Another way inspired from "kunny" from AM-GM $a^3+2\geq{3a}$ $\implies{a^3+8\geq{3a+6}}$ $\frac{a}{a^{3}+8} \leq{\frac{a}{3(a+2)}}$ $\frac{a}{a^{3}+8}+\frac{b}{b^{3}+8}+\frac{c}{c^{3}+8}+\frac{d}{d^{3}+8}\leq{\frac{1}{3}(\frac{a}{a+2}+\frac{b}{b+2}+\frac{c}{c+2}+\frac{d}{d+2})}$ $=\frac{4}{3}-\frac{2}{3}(\frac{1}{a+2}+\frac{1}{b+2}+\frac{1}{c+2}+\frac{1}{d+2}\leq{\frac{4}{3}-\frac{2}{3}\cdot \frac{16}{12}}=\frac{4}{9}$ from C-S

Nice Solution, mcrasher.
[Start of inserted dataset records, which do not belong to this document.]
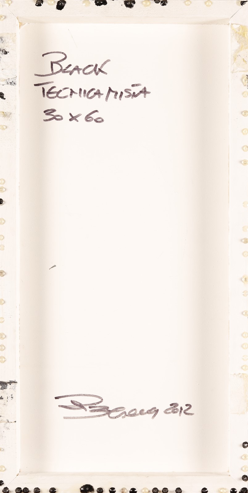 BESANA ROBERTO (n. 1965) Black. 2012. Smalti su tela. Cm 30,00 x 60,00. Al retro titolo, firma e anno. Autentica dell'artista su fotografia. Provenienza: Arte Colonna, Appiano Gnetile (Co).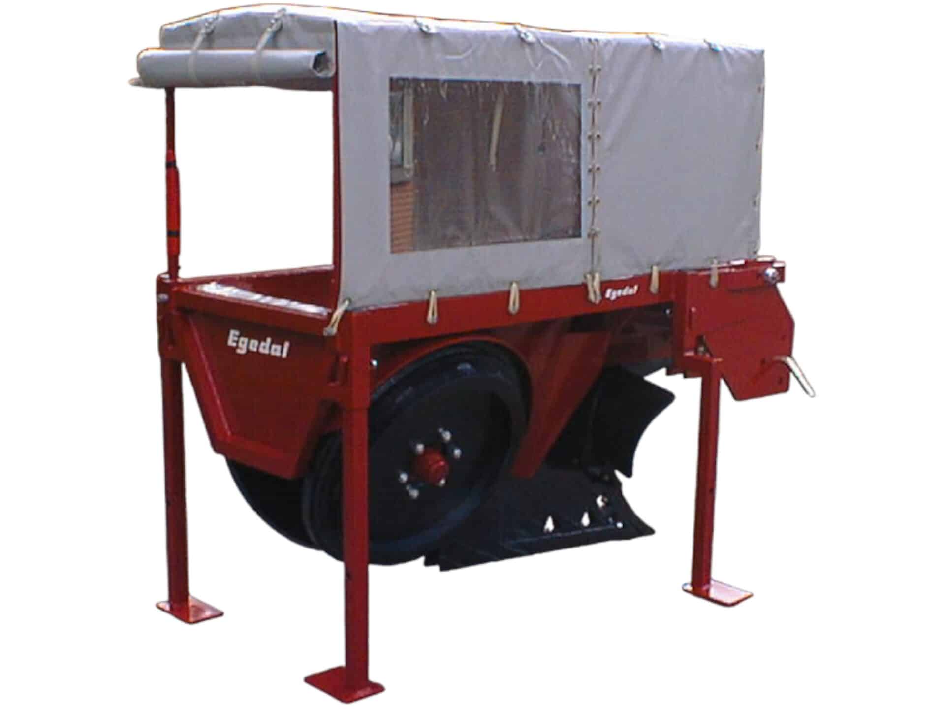 The operator is securely positioned between the wheels, protected by durable shields, while the canopy provides shelter from rain and sun for both plants and operator. This feature allows for planting in all weather conditions, enhancing operator comfort.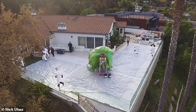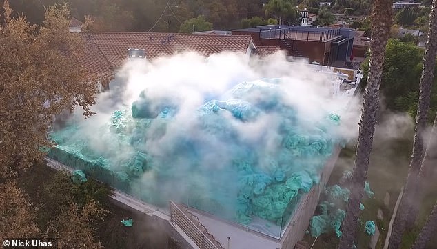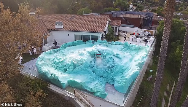 In the footage, Uhas explained the science behind his experiment, with 200 cubic meters of foam spilling over in the backyard of his home in California.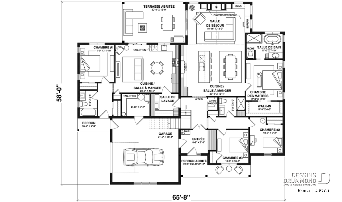 Largeur 65'8" Profondeur 58'0"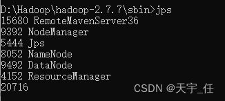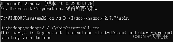 作为管理员打开CMD并切换到D:Hadoophadoop-2.7.7sbin目录下,输入命令:start-all.cmd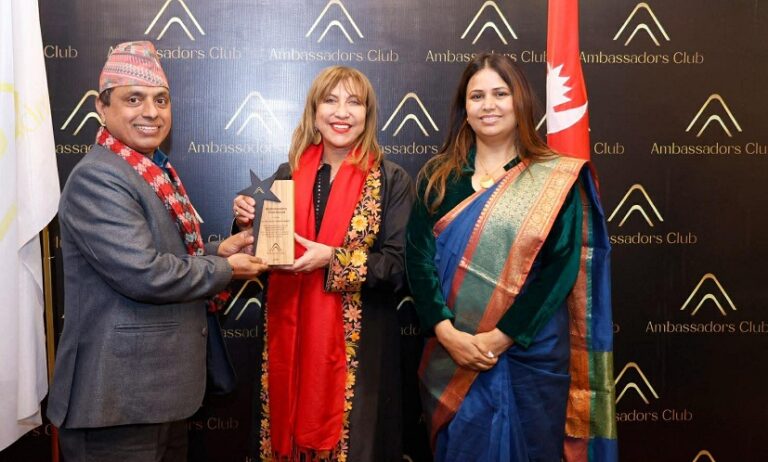 एम्बास्डर्स क्लब नेपालले संयुक्त राष्ट्रसंघीय आवासीय संयोजक–नेपाल हाना सिंगल–हाम्दीलाई विशेष समारोह बीच ‘रिक्गनिसन अवार्ड– २०२५’ द्धारा सम्मान गरेको छ ।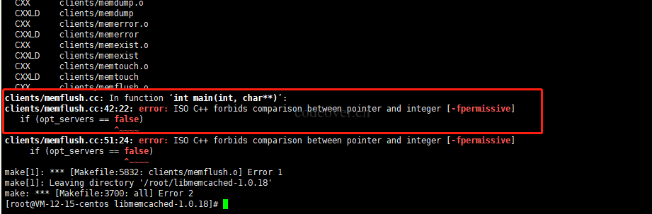 注意:如在执行 make 中遇到 clients/memflush.cc:42:22: error: ISO C++ forbids comparison between pointer and integer [-fpermissive] 的报错,可直接使用 vim 将 clients/memflush.cc 文件的 42 行的 false 修改为 0,然后重新执行 nake && make install 即可成功

The solution is getting easier like $Differentiation\rightarrow Jensen\rightarrow Cauchy-Schwarz$, What's the next? Maybe, $AM-GM-HM?$

$\sum_{cyc}\frac{a}{a^3 +8} \leqslant \frac{4}{9} \iff \sum_{cyc}\frac{(a-1)(8-a-a^2)}{9(a^3 +8)} \leqslant 0$. Observe that $f(x)=x-1$ is increasing whilst $f(x)=\frac{8-x-x^2}{9(x^3 +8)}$ is decreasing on $[0,1]$, hence by Chebyshev's inequality $ \sum_{cyc}\frac{(a-1)(8-a-a^2)}{9(a^3 +8)} \leqslant \frac{1}{4}\left(a+b+c+d-4\right)\left(\sum_{cyc}\frac{8-a-a^2}{9(a^3 +8)}\right)=0$, as desired.

Observe that $ f(x)=x-1 $ is$ f(x)=\frac{8-x-x^{2}}{9(x^{3}+8)} $ increasing whilst is decreasing on $ [0,4] $, hence by Chebyshev's inequality $ \sum_{cyc}\frac{(a-1)(8-a-a^{2})}{9(a^{3}+8)}\leqslant\frac{1}{4}\left(a+b+c+d-4\right)\left(\sum_{cyc}\frac{8-a-a^{2}}{9(a^{3}+8)}\right)=0 $, as desired.

Tangent Line method Let $f(x)=\frac{x}{x^3+8}$ $f(x)\leq \frac{2}{27}x+\frac{1}{27}$ $\Leftrightarrow$ $(x-1)^2(2x^2+5x+8)\geq 0$ This holds when $0\leq x\leq 4$.So $\sum_{cyc}f(a)\leq \frac{2}{27}\cdot 4+\frac{4}{27}=\frac{4}{9}$

nice solution,Takeya.O

Let $a,b,c,d$ be non-negative reals such that $a+b+c+d=4$. Prove that$$\frac{a^3}{a^3+1}+\frac{b^3}{b^3+1}+\frac{c^3}{c^3+1}+\frac{d^3}{d^3+1}\leq\frac{16}5 $$bahdsn：

Attachments:

Note that $a^3 + 8 \ge 9\sqrt[9]{a^3}$ so $\frac{a}{a^3+8}+\frac{b}{b^3+8}+\frac{c}{c^3+8}+\frac{d}{d^3+8} \le \frac{1}{9}(\sqrt[3]{a^2} + \sqrt[3]{b^2} + \sqrt[3]{c^2} + \sqrt[3]{d^2})$ so we need to prove $\sqrt[3]{a^2} + \sqrt[3]{b^2} + \sqrt[3]{c^2} + \sqrt[3]{d^2} \le 4$. Note that $64 = (a+b+c+d)(a+b+c+d)(1+1+1+1) \ge (\sqrt[3]{a^2} + \sqrt[3]{b^2} + \sqrt[3]{c^2} + \sqrt[3]{d^2})^3$. we're Done.

Let $a,b,c,d$ be positive reals such that $a+b+c+d=4$. Prove that $$\frac{a}{a^3+5}+\frac{b}{b^3+5}+\frac{c}{c^3+5}+\frac{d}{d^3+5}\le\frac{2}{3}$$(2022 Croatia)

S

$$\frac{ab}{a^3+5}+\frac{bc}{b^3+5}+\frac{cd}{c^3+5}+\frac{da}{d^3+5}\le\frac{2}{3}$$ h

WakeUp wrote: Let $a,b,c,d$ be non-negative reals such that $a+b+c+d=4$. Prove the inequality \[\frac{a}{a^3+8}+\frac{b}{b^3+8}+\frac{c}{c^3+8}+\frac{d}{d^3+8}\le\frac{4}{9}\] Who is the author?